In addition to the WiFi module and the WiBro module, wireless communication modules include global system for mobile communication (GSM), code division multiple access (CDMA), wideband code division multiple access (WCDMA), and universal mobile telecommunications system (UMTS). ), a wireless communication module supporting various wireless communication schemes such as Time Division Multiple Access (TDMA) and Long Term Evolution (LTE).

The display panel 180 is a screen that displays a final image processed based on image data. A plurality of pixels, ie, pixels, are formed on the screen, and an image displayed on the screen has a plurality of pixels P. It can be formed by emitting light.

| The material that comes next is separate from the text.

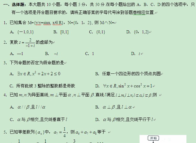 安徽省蚌埠市2014届高三第一次质量检测(数学文)

Here, a pixel means a point, which is the smallest unit constituting an image. Thus, the screen is made up of a set of pixels. Each of the plurality of pixels P may emit light of various brightnesses and colors.

Meanwhile, the disclosed display panel 180 may reduce distortion perceived by the user's eyes by adjusting light output from pixels. A criterion for adjusting the output light is an image processing depth calculated by the controller 170 to be described later.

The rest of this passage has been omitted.